The plurality of cameras are directed to the outside of the vehicle, are arranged at reference intervals in the length direction of the vehicle, and are oriented differently from each other in a vertical cross section perpendicular to the length direction of the vehicle. , A photograph is taken every time the vehicle travels a reference distance.
Each band-shaped image is an image obtained by arranging a plurality of images obtained by one camera in a direction corresponding to the length direction of the vehicle.
The image generation unit generates the entire image by shifting each band-shaped image by the number of adjustment pixels in a direction corresponding to the length direction of the vehicle.
The adjustment pixel number is the number of pixels obtained based on the reference interval and the reference distance.

According to the present invention, a plurality of images can be arranged side by side to generate a correct overall image.

The left side view of the photographing vehicle 100 in Embodiment 1. FIG. The plan view of the photographing vehicle 100 in Embodiment 1. FIG. The right side view of the photographing vehicle 100 in Embodiment 1. FIG. The left perspective view of the photographing apparatus 200 in Embodiment 1. FIG. The right perspective view of the photographing apparatus 200 in Embodiment 1. FIG. The front perspective view of the camera unit 210 in Embodiment 1. The back perspective view of the camera unit 210 in Embodiment 1. The figure which shows the imaging range of the photographing apparatus 200 in Embodiment 1. FIG. The figure which shows the imaging range of the photographing apparatus 200 in Embodiment 1. FIG. The figure which shows the imaging range of the photographing apparatus 200 in Embodiment 1. FIG. The figure which shows the imaging range of the photographing apparatus 200 in Embodiment 1. FIG. The block diagram of the image generation apparatus 300 in Embodiment 1. FIG. The flowchart of the image generation method in Embodiment 1. The figure which shows the band-shaped image 301 in Embodiment 1. FIG. The figure which shows the imaging direction of the camera unit group 201 in Embodiment 1. FIG. The figure which shows <Example 1> in Embodiment 1. FIG. The figure which shows the whole image 309 in Embodiment 1. FIG. The figure which shows the whole image 302 in Embodiment 1. FIG. The figure which shows <Example 2> in Embodiment 1. FIG. The figure which shows the subject spacing La of <Example 2> in Embodiment 1. FIG. The figure which shows <Example 3> in Embodiment 1. FIG. The figure which shows the wall surface angle θ of <Example 3> in Embodiment 1. FIG. The figure which shows the subject distance La of <Example 3> in Embodiment 1. FIG. The figure which shows the subject distance La of <Example 4> in Embodiment 1. FIG. The figure which shows the hardware composition of the image generation apparatus 300 in embodiment.

In embodiments and drawings, the same elements and corresponding elements are designated by the same reference numerals.
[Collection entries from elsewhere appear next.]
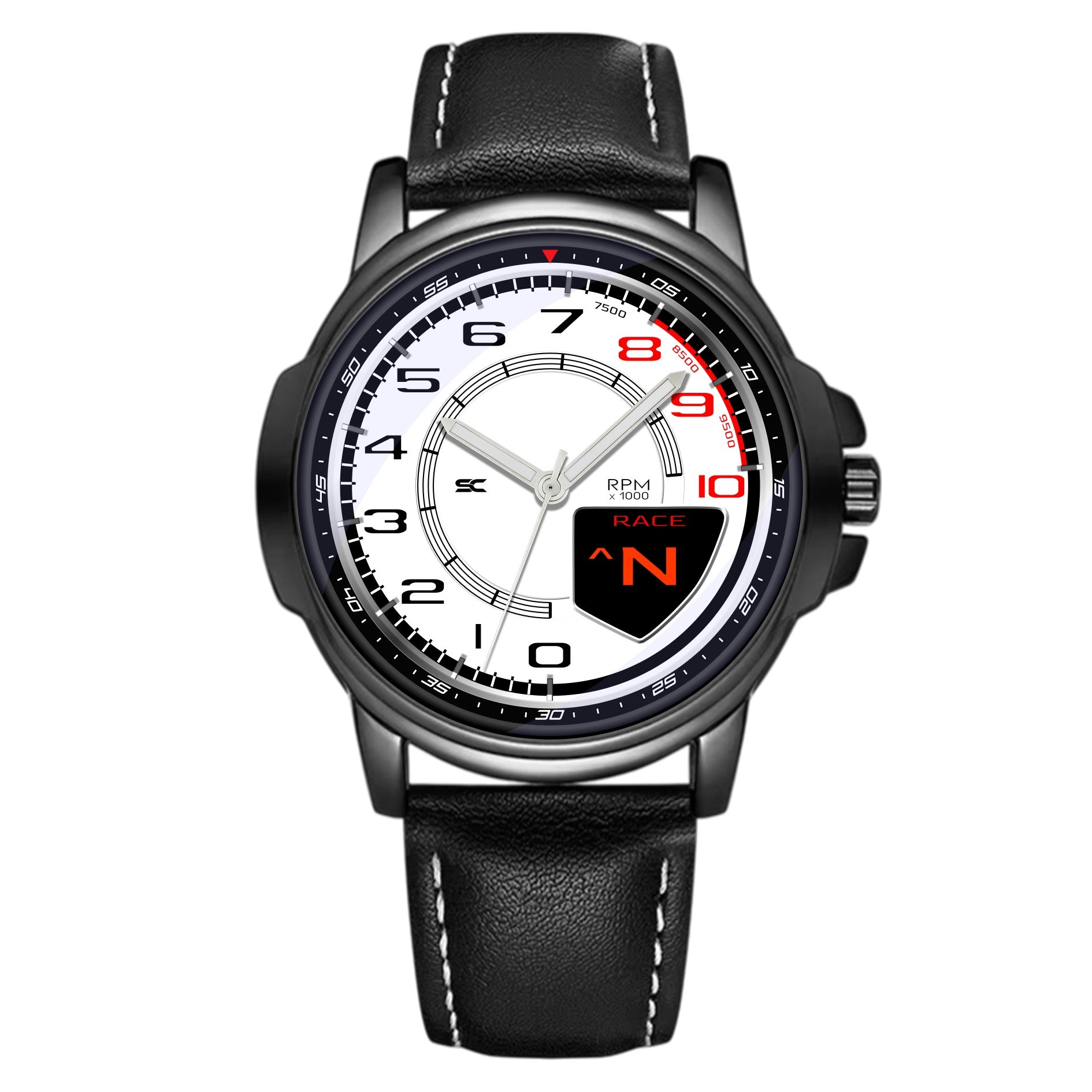 Cinturino in ecopelle nera, caratterizzato da una texture morbida e leggermente granulata, impreziosito da cuciture bianche a contrasto che ne esaltano lo stile sportivo ed elegante.
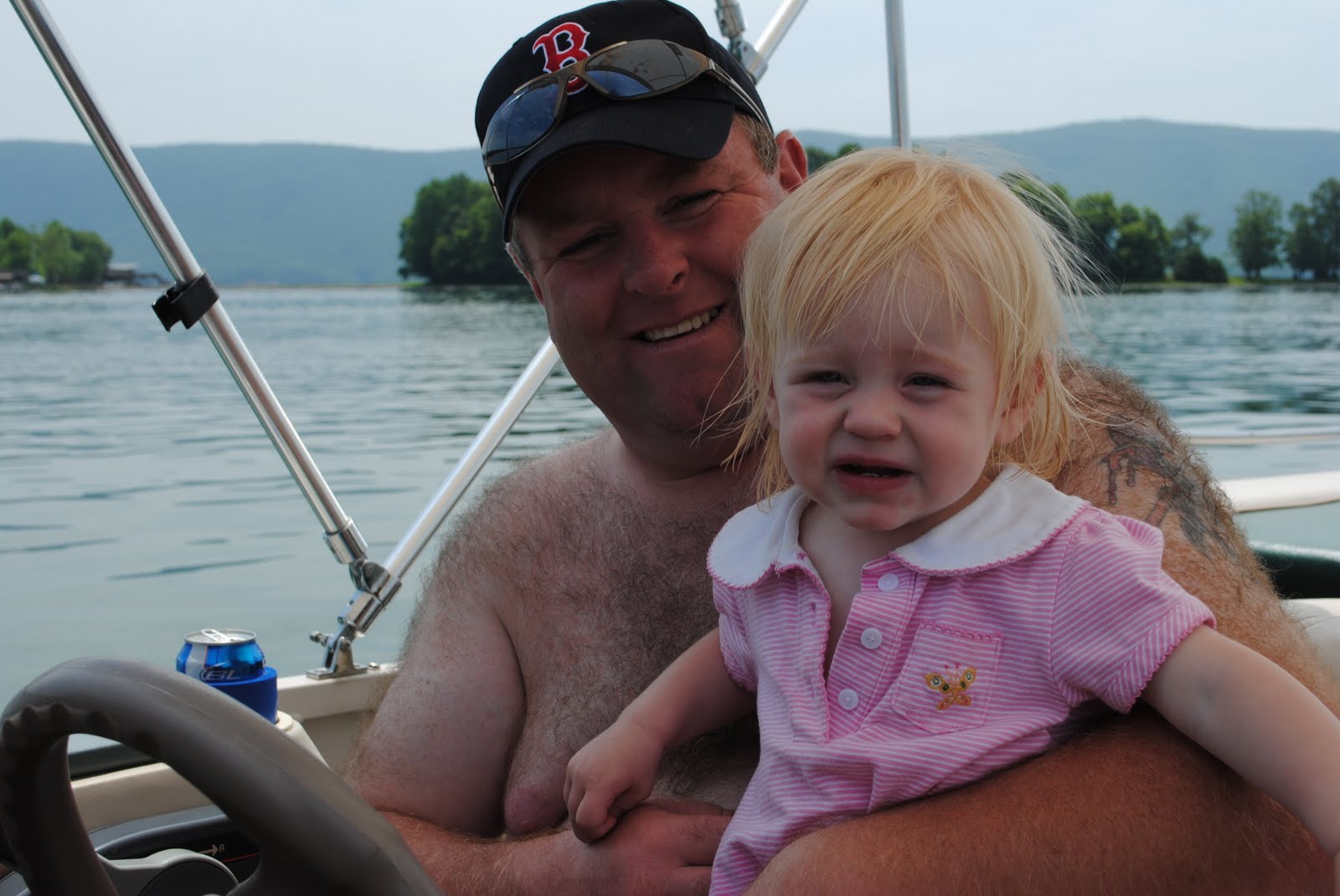 Kevin, Eli, and I spent a long weekend at Smith Mountain Lake with Dave, Christine, and Julia Walsh. Christine's family owns a condo on the lake. We left late Thursday night and arrived just before midnight. Both kids were up early the next morning- a little before 6am (!)- so we got on the boat early and took advantage of the beautiful day. The weather was fantastic- blue skies, warm sun- we couldn't have asked for better weather.
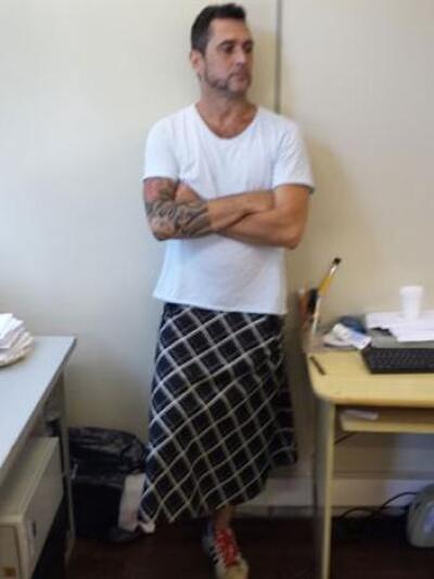 Ο Αντρέ Αμαράλ Σίλβα φόρεσε την Τρίτη μια φούστα με ασπρόμαυρα καρό που βρήκε στην ντουλάπα της γυναίκας του και μάλιστα ανάρτησε τη φωτογραφία του με τη νέα "στολή εργασίας"
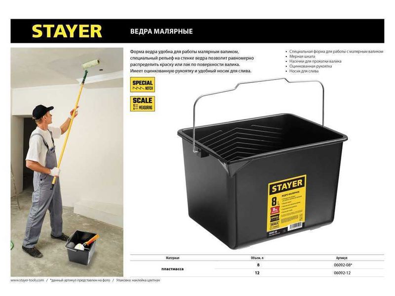 Форма ведра удобна для работы малярным валиком, специальный рельеф на стенке ведра позволит равномерно распределить краску или лак по поверхности валика, а градуировка на стенке повышает точность подбора цвета при смешивании лакокрасочных материалов. Имеет оцинкованную рукоятку и удобный носик для слива.
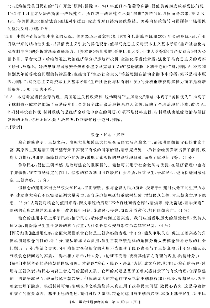 湖南天壹名校联盟2025届高三5月适应性考历史试题及答案

Descriptions of elements with the same reference numerals are omitted or simplified as appropriate. The arrows in the figure mainly indicate the flow of data or the flow of processing.

Embodiment 1.
The photographing vehicle 100 and the image generation device 300 will be described with reference to FIGS. 1 to 24.

*** Explanation of configuration ***
The photographing vehicle 100 will be described with reference to FIGS. 1, 2 and 3.
FIG. 1 shows the left side surface of the photographing vehicle 100.
FIG. 2 shows the upper surface of the photographing vehicle 100.
FIG. 3 shows the right side surface of the photographing vehicle 100.
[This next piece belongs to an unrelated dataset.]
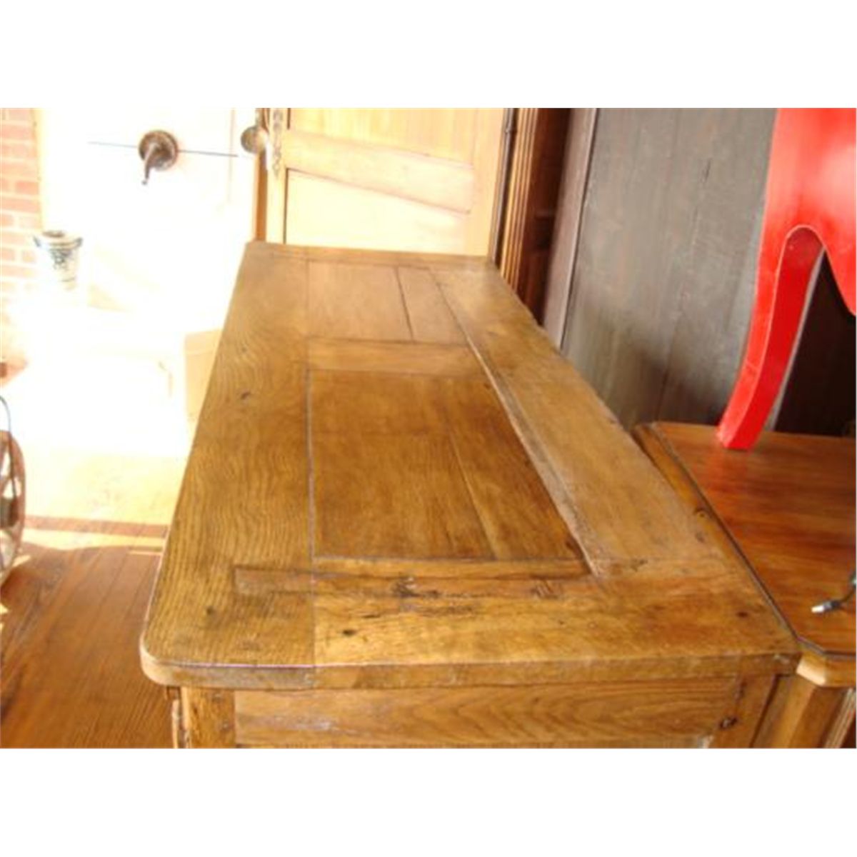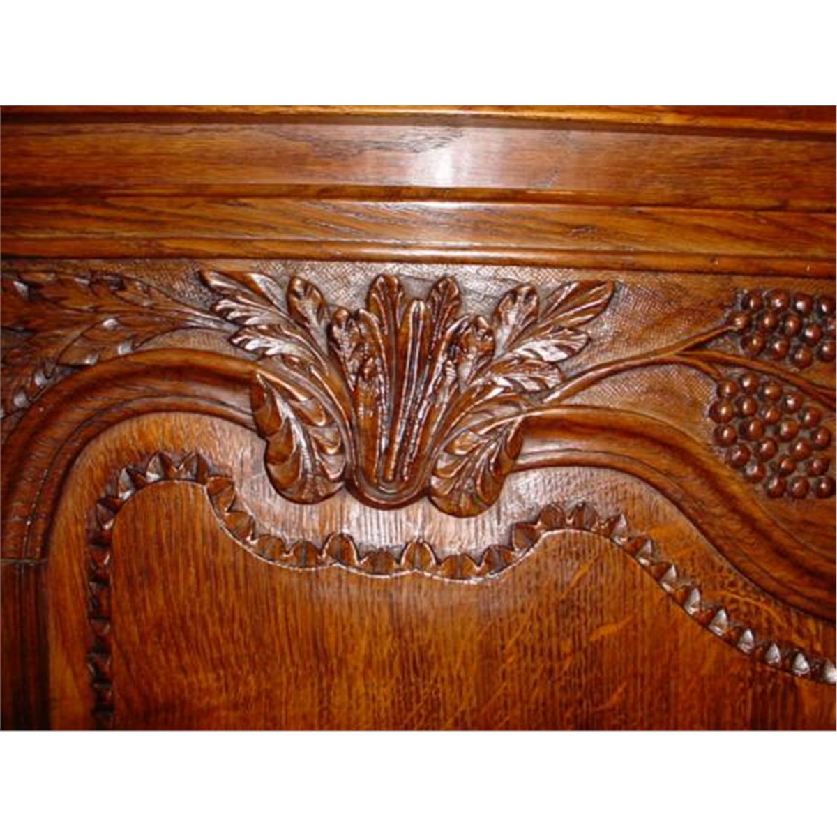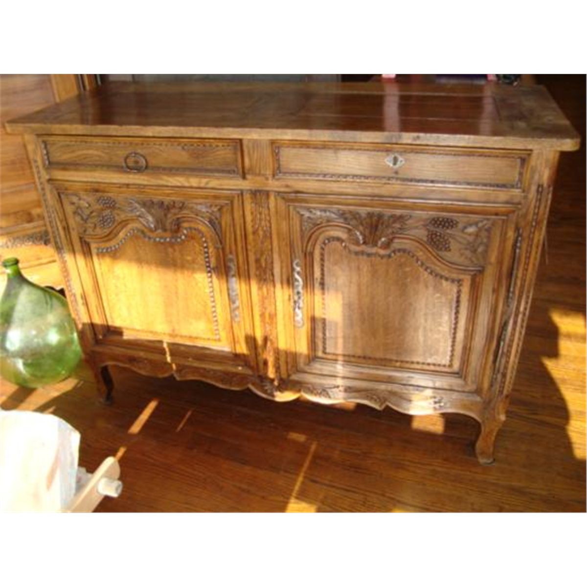 Here is an absolutely wonderful Louis XV Provincial buffet (sideboard) from Normandy, France, made in the very early 1800's with solid French oak. This French buffet is a wedding piece (very valuable). We recognize the wedding antiques by this hand carved pieces with flowers and bunch of grapes. This piece was order by a father when his daughter was born...for her wedding gift (In France, it was usual, at this time). Don't worry for the shipping...we ship from Texas (not from France).h-59.5/ w-55.75/ d-22.5

The photographing vehicle 100 is a vehicle for photographing the surroundings while traveling. Specifically, the wall surface in the tunnel is photographed while the photographing vehicle 100 is traveling in the tunnel.
The photographing vehicle 100 includes wheels 103 for traveling on a track in addition to tires 101 for traveling on a road. As a result, the photographing vehicle 100 functions as a road-rail vehicle.
An odometer, which will be described later, is installed on the tire 101.

The photographing vehicle 100 includes a loading platform 110 covered with a panel.
An imaging device described later is installed in the loading platform 110.
The panel of the loading platform 110 is provided with slits 111 (U1 to U5, R1 to R4, L1 to L5) in a portion corresponding to the photographing direction of the photographing apparatus.
The slit 111Ux is a slit 111 for the camera unit 210Ux described later.
The slit 111Rx is a slit 111 for the camera unit 210Rx described later.
The slit 111Lx is a slit 111 for the camera unit 210Lx described later.

In FIG. 3, the distance between the slit 111R1 and the slit 111R2 is Da, the distance between the slit 111R2 and the slit 111R3 is Db, and the distance between the slit 111R3 and the slit 111R4 is Dc.
The slit spacing coincides with the spacing of the camera unit 210 (camera described later).

An operation room 120 is provided at the front of the loading platform 110.
In the operation room 120, the operator operates a photographing device or the like.

A laser scanner 112 is installed at the rear of the loading platform 110.

The photographing apparatus 200 will be described with reference to FIGS. 4 and 5.
FIG. 4 is a perspective view showing the left side of the photographing apparatus 200.
FIG. 5 is a perspective view showing the right side of the photographing apparatus 200.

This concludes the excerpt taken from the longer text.